• Problem:
Transcribe all data verbatim. Skip the pictures.

• The data:
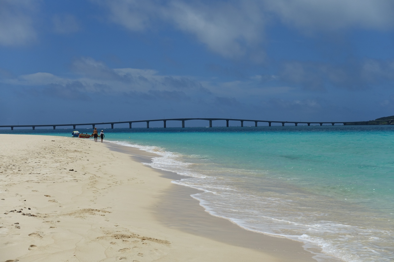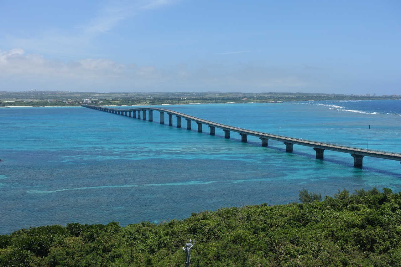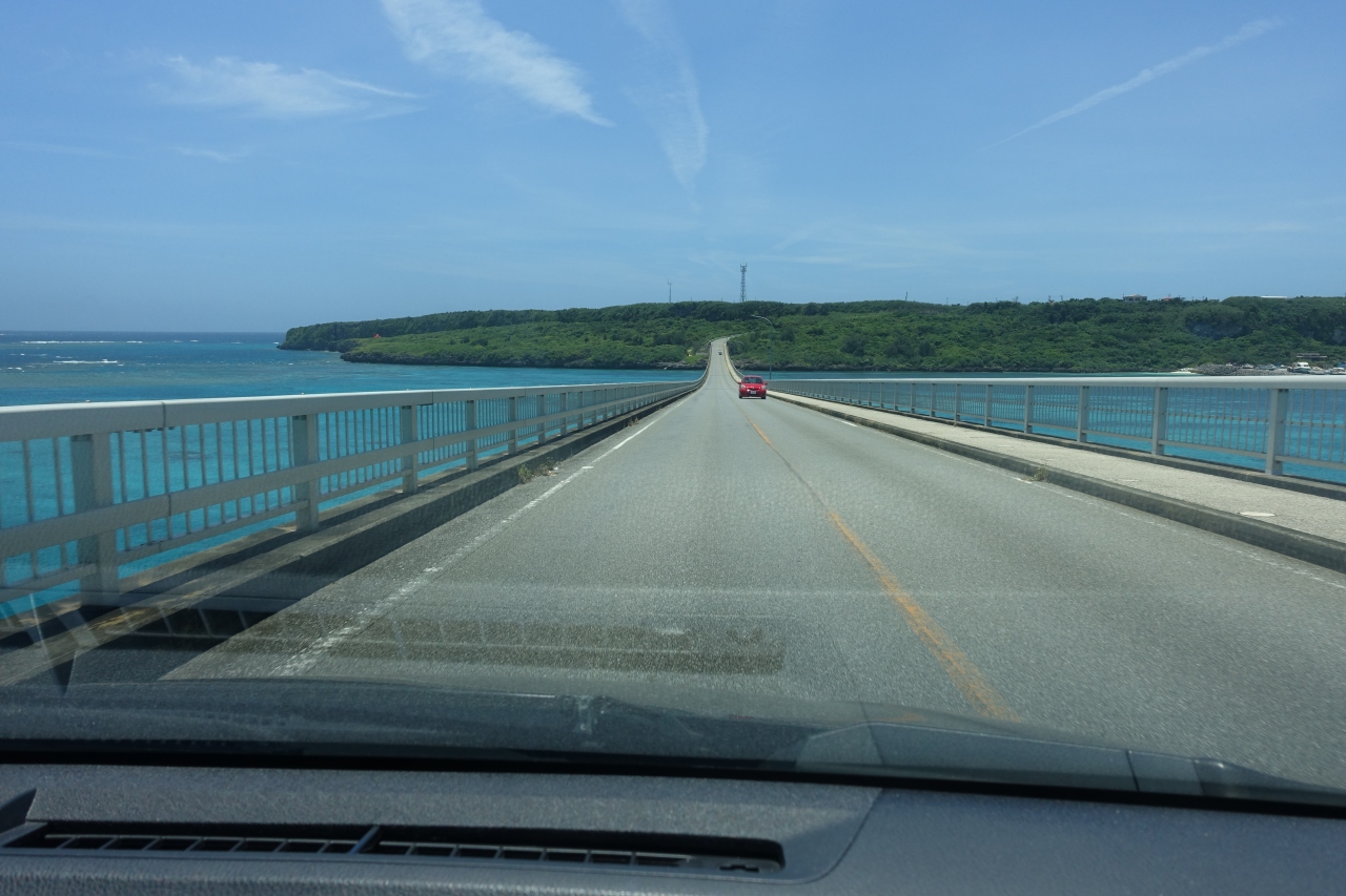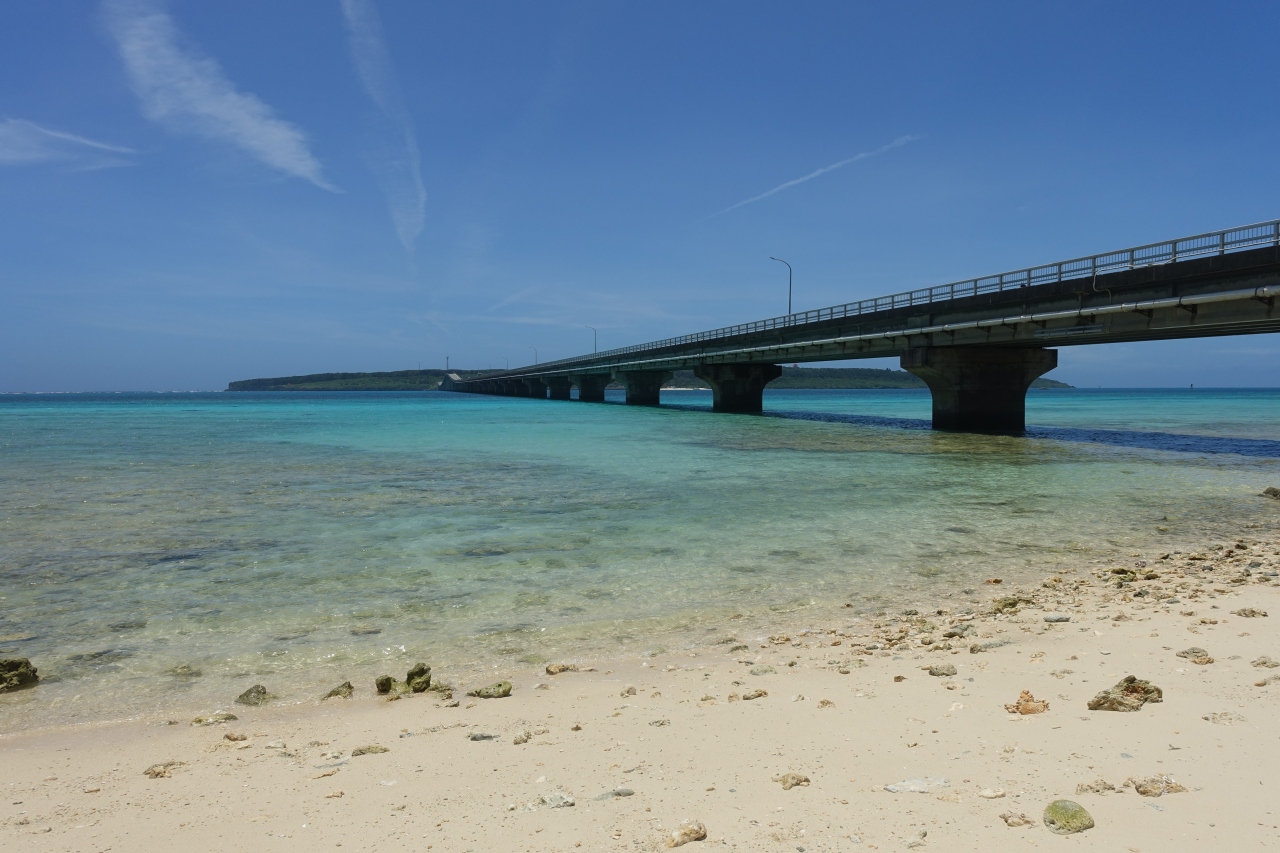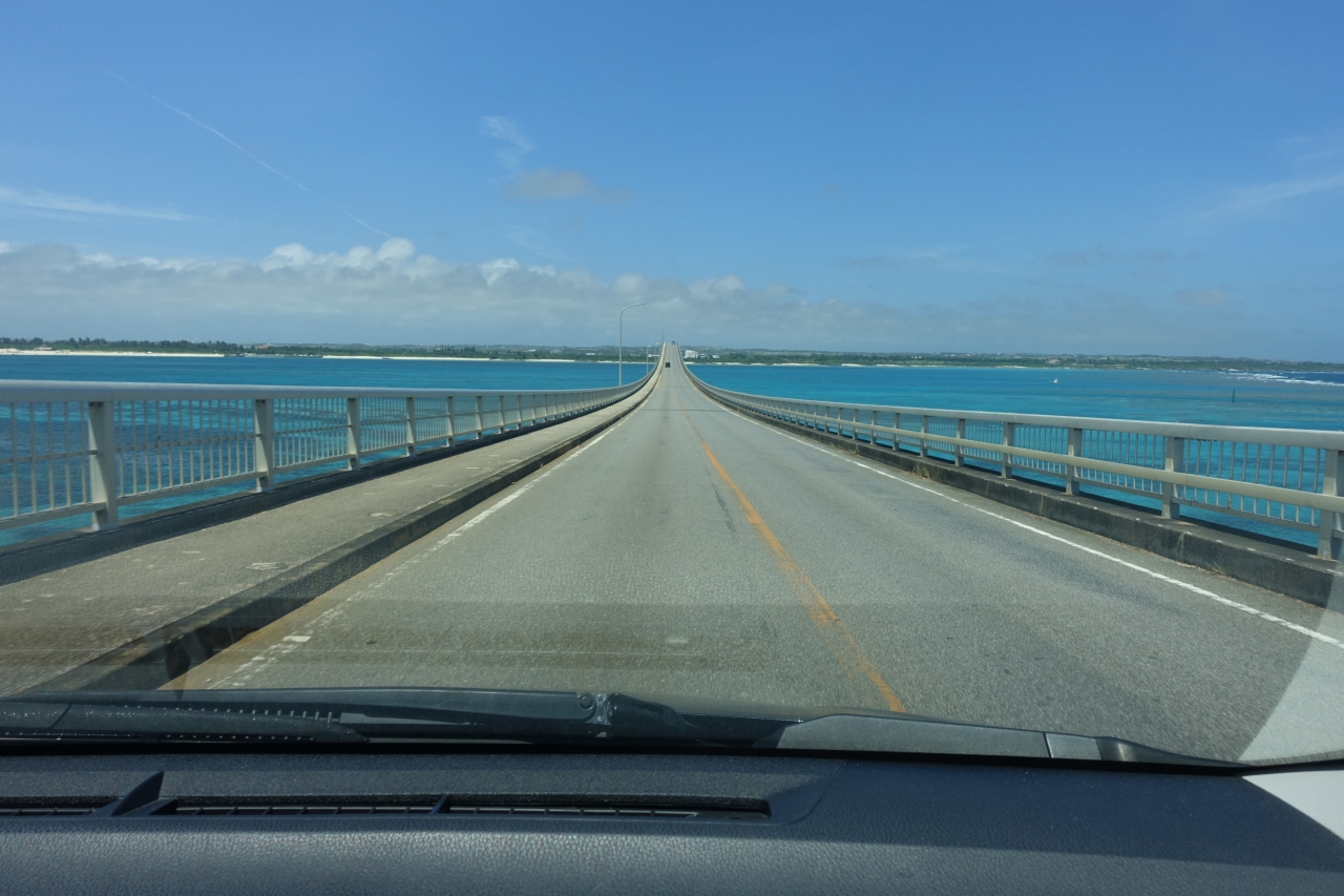 宮古島本島と来間島を結ぶ橋。船舶が橋の下を航行できるよう中央部分は盛り上がり勾配があります。両側は美しい海が広がっていますが、橋の上は駐停車禁止なので車を停めて景色を眺めることはできません。自転車や徒歩で渡れば好きな場所で停まれますけど、暑い中歩いて渡る気になれなくていまだに実行したことは無いです。
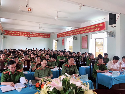Để thực hiện thắng lợi nhiệm vụ chính trị đặt ra trong 6 tháng cuối năm 2019, đồng chí Giám đốc Công an tỉnh yêu cầu tập thể Đảng ủy, lãnh đạo Công an huyện phải đề cao vai trò, trách nhiệm, gương mẫu, đi đầu trong thực hiện chức trách nhiệm vụ được giao. Chủ động nắm, phân tích, dự báo sát, đúng tình hình, tích cực tham mưu cho Huyện ủy, UBND huyện và phối hợp với các ban ngành, đoàn thể tham gia bảo đảm an ninh, trật tự trên địa bàn, đồng thời triển khai thực hiện hiệu quả các chương trình, kế hoạch, giải pháp giải quyết kịp thời các vụ việc phức tạp nổi lên ngay từ đầu và ngay tại cơ sở, không để bị động, bất ngờ trong mọi tình huống theo phương châm 4 tại chỗ “Chỉ huy tại chỗ, lực lượng tại chỗ, phương tiện tại chỗ và hậu cần tại chỗ”. Bên cạnh đó, cần tăng cường công tác giáo dục chính trị tư tưởng, quản lý cán bộ chiến sỹ; tập trung bố trí, sắp xếp tổ chức, bộ máy lực lượng Công an huyện bảo đảm chặt chẽ, khoa học, phù hợp, hoạt động hiệu quả, gắn với thực hiện Nghị quyết số 11-NQ/TU, ngày 30/5/2019 của Ban Thường vụ Tỉnh ủy về xây dựng lực lượng Công an xã chính quy.
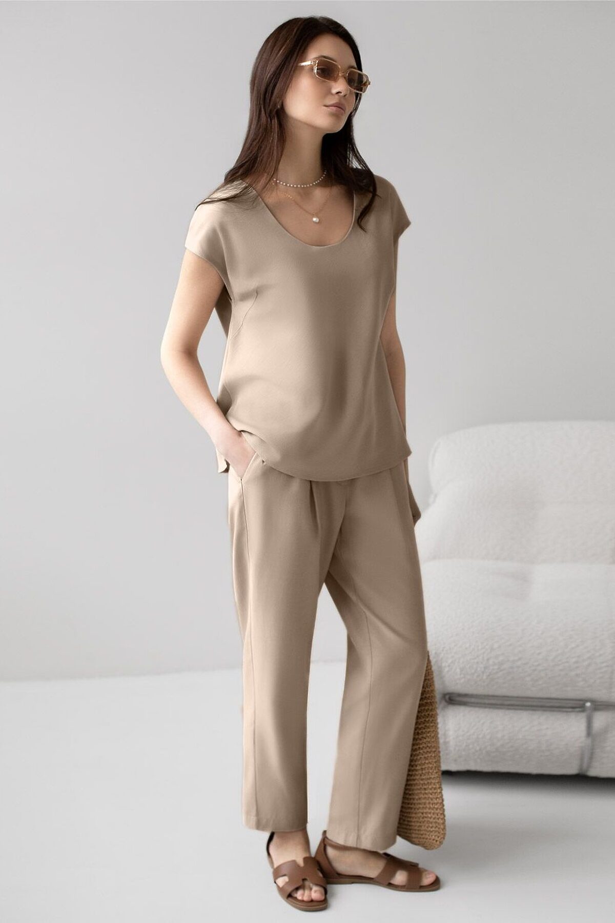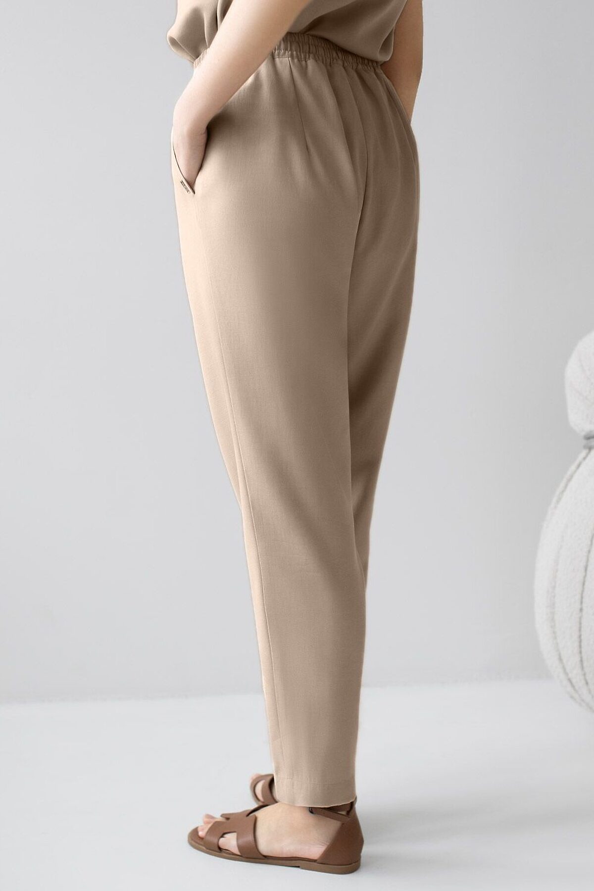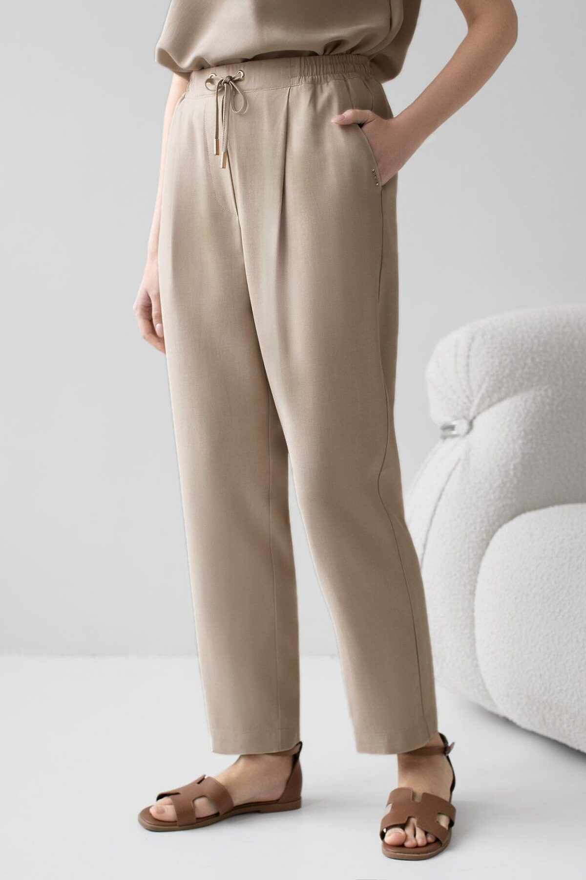 Брюки бананы светло-бежевого цвета выполнены из плотного лиоцелла. Лиоцелл это более дорогой и экологичный вариант вискозы, очень прочный и шелковистый. Модель отличается свободным кроем в бедрах и заужены к щиколотке. Удобный пояс на мягкой на резинке обеспечивает идеальную посадку по фигуре и гарантирует комфорт. Свободные брюки с высокой посадкой и аккуртными защипами создают идеальный силуэт и будут базовым элементом гардероба. Летние брюки отлично сочетаются с монохромным верхом, с ними можно создавать эффектные наряды как на выход, так и для ежедневных рабочих дел или простых прогулок. Рекомендуем сочетать с артикулами: D29.354, D29.359, D29.360
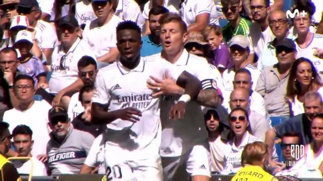 9月11日,西甲第5轮,皇马先输后赢,主场4比1逆转大胜马略卡。第72分钟,接同胞罗德里戈妙传,维尼修斯打进帮助主队领先的一球。不过,比赛中,维尼修斯所做的远不止那一粒进球。马略卡球员多次挑衅他,想激怒他。而他也不甘示弱,每每做出回击。比赛末段,他还跟马略卡主教练、墨西哥人哈维尔·阿吉雷爆发了冲突。
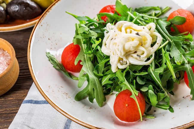 Перемешать салат, поперчить и заправить его оливковым маслом, смешанным с лимонным соком.
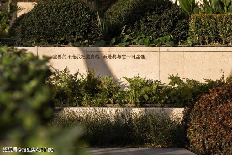 两侧景墙主体采用克罗地亚进口的贝金米黄石材,搭配造价不菲的孔雀开屏奢石,景墙两侧还精心种植了两棵铁冬青,奢华与贵气扑面而来。
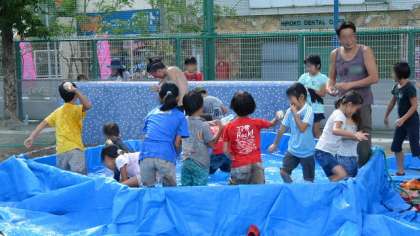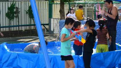 校庭の造形砂場の所には、簡易プールができあがり、水かけ遊びや水風船、水鉄砲で大はしゃぎです。
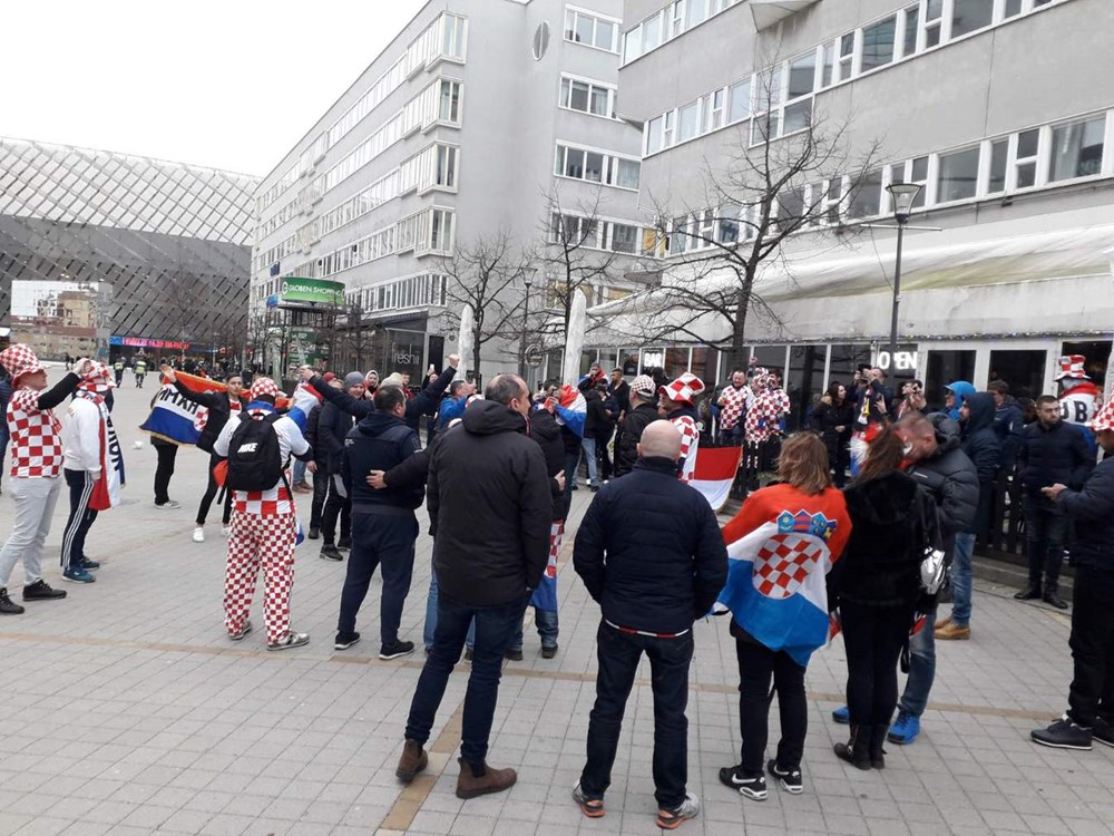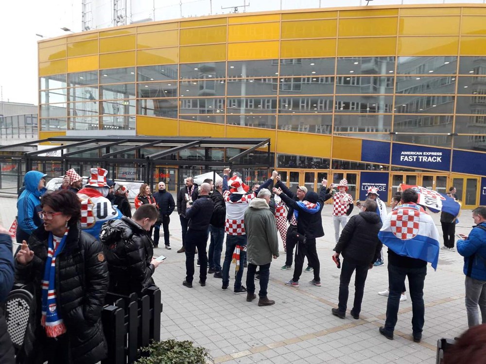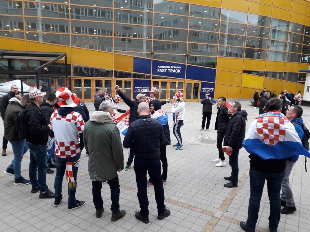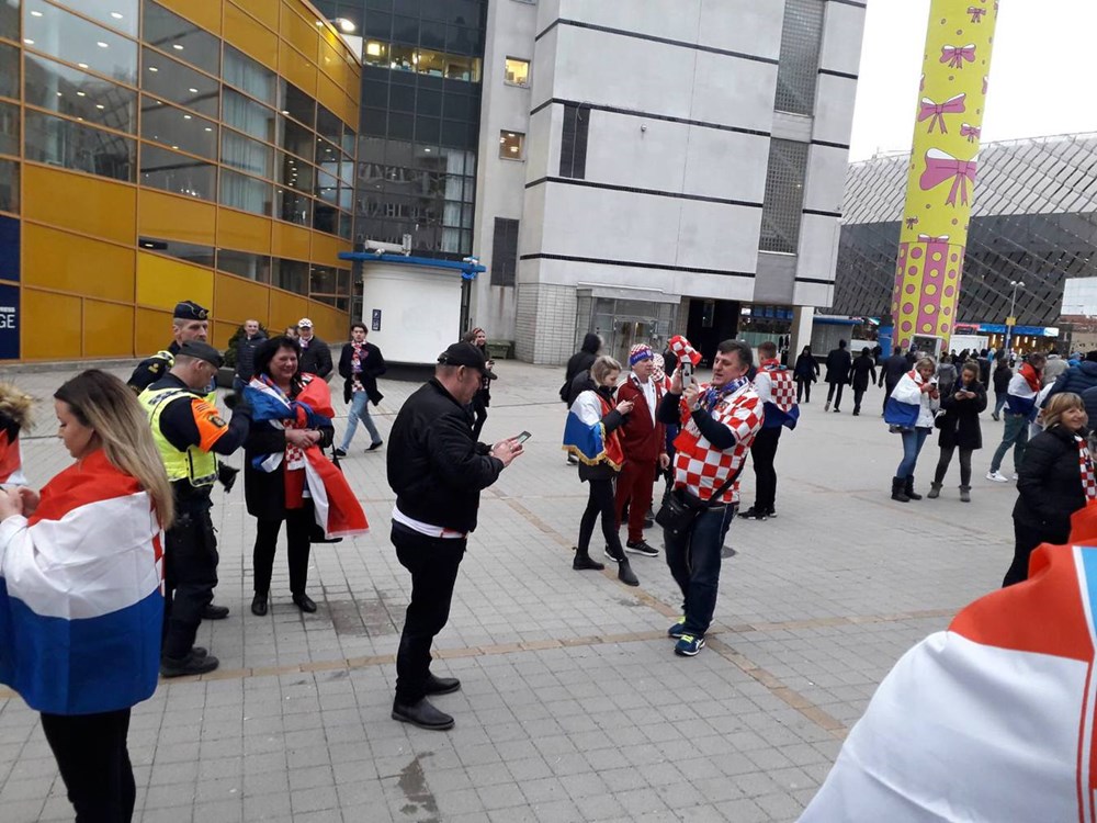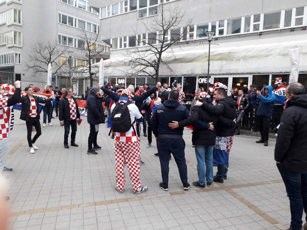 Čitateljica Glasa Istre iz Pule javila nam se iz Stockholma sat vremena prije utakmice fotografijama hrvatskim navijača u prepoznatljivim crveno-bijelim kockicama koji su se okupljali ispred Tele2 Arene.
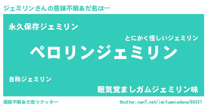 | ヒーロー風カッコイイあだ名 | 『スーパージェミリン』『ネオジェミリン』 |
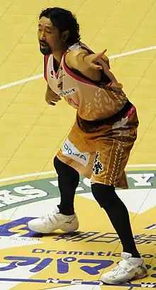 Makoto Hasegawa (長谷川誠, born 2 April 1971) is a Japanese basketball coach and a former player.[6] Hasegawa was the head coach of Akita Northern Happinets.[7] He is the first Japanese player ever to play in the American Basketball Association. Because of his trademark bushy goatee, his nickname is "hige" in Akita.[8] He played for Kosei Club and Akita Northern Bisons as an amateur in his home prefecture.[9][10][11] Currently he serves as an unaffiliated director of the Akita Happinets and the Japan national 3x3 team coach.

• Exercise output:
 宮古島本島と来間島を結ぶ橋。船舶が橋の下を航行できるよう中央部分は盛り上がり勾配があります。両側は美しい海が広がっていますが、橋の上は駐停車禁止なので車を停めて景色を眺めることはできません。自転車や徒歩で渡れば好きな場所で停まれますけど、暑い中歩いて渡る気になれなくていまだに実行したことは無いです。
Để thực hiện thắng lợi nhiệm vụ chính trị đặt ra trong 6 tháng cuối năm 2019, đồng chí Giám đốc Công an tỉnh yêu cầu tập thể Đảng ủy, lãnh đạo Công an huyện phải đề cao vai trò, trách nhiệm, gương mẫu, đi đầu trong thực hiện chức trách nhiệm vụ được giao. Chủ động nắm, phân tích, dự báo sát, đúng tình hình, tích cực tham mưu cho Huyện ủy, UBND huyện và phối hợp với các ban ngành, đoàn thể tham gia bảo đảm an ninh, trật tự trên địa bàn, đồng thời triển khai thực hiện hiệu quả các chương trình, kế hoạch, giải pháp giải quyết kịp thời các vụ việc phức tạp nổi lên ngay từ đầu và ngay tại cơ sở, không để bị động, bất ngờ trong mọi tình huống theo phương châm 4 tại chỗ “Chỉ huy tại chỗ, lực lượng tại chỗ, phương tiện tại chỗ và hậu cần tại chỗ”. Bên cạnh đó, cần tăng cường công tác giáo dục chính trị tư tưởng, quản lý cán bộ chiến sỹ; tập trung bố trí, sắp xếp tổ chức, bộ máy lực lượng Công an huyện bảo đảm chặt chẽ, khoa học, phù hợp, hoạt động hiệu quả, gắn với thực hiện Nghị quyết số 11-NQ/TU, ngày 30/5/2019 của Ban Thường vụ Tỉnh ủy về xây dựng lực lượng Công an xã chính quy.
 Брюки бананы светло-бежевого цвета выполнены из плотного лиоцелла. Лиоцелл это более дорогой и экологичный вариант вискозы, очень прочный и шелковистый. Модель отличается свободным кроем в бедрах и заужены к щиколотке. Удобный пояс на мягкой на резинке обеспечивает идеальную посадку по фигуре и гарантирует комфорт. Свободные брюки с высокой посадкой и аккуртными защипами создают идеальный силуэт и будут базовым элементом гардероба. Летние брюки отлично сочетаются с монохромным верхом, с ними можно создавать эффектные наряды как на выход, так и для ежедневных рабочих дел или простых прогулок. Рекомендуем сочетать с артикулами: D29.354, D29.359, D29.360
 9月11日,西甲第5轮,皇马先输后赢,主场4比1逆转大胜马略卡。第72分钟,接同胞罗德里戈妙传,维尼修斯打进帮助主队领先的一球。不过,比赛中,维尼修斯所做的远不止那一粒进球。马略卡球员多次挑衅他,想激怒他。而他也不甘示弱,每每做出回击。比赛末段,他还跟马略卡主教练、墨西哥人哈维尔·阿吉雷爆发了冲突。
 Перемешать салат, поперчить и заправить его оливковым маслом, смешанным с лимонным соком.
 两侧景墙主体采用克罗地亚进口的贝金米黄石材,搭配造价不菲的孔雀开屏奢石,景墙两侧还精心种植了两棵铁冬青,奢华与贵气扑面而来。
 校庭の造形砂場の所には、簡易プールができあがり、水かけ遊びや水風船、水鉄砲で大はしゃぎです。
 Čitateljica Glasa Istre iz Pule javila nam se iz Stockholma sat vremena prije utakmice fotografijama hrvatskim navijača u prepoznatljivim crveno-bijelim kockicama koji su se okupljali ispred Tele2 Arene.
 | ヒーロー風カッコイイあだ名 | 『スーパージェミリン』『ネオジェミリン』 |
 Makoto Hasegawa (長谷川誠, born 2 April 1971) is a Japanese basketball coach and a former player.[6] Hasegawa was the head coach of Akita Northern Happinets.[7] He is the first Japanese player ever to play in the American Basketball Association. Because of his trademark bushy goatee, his nickname is "hige" in Akita.[8] He played for Kosei Club and Akita Northern Bisons as an amateur in his home prefecture.[9][10][11] Currently he serves as an unaffiliated director of the Akita Happinets and the Japan national 3x3 team coach.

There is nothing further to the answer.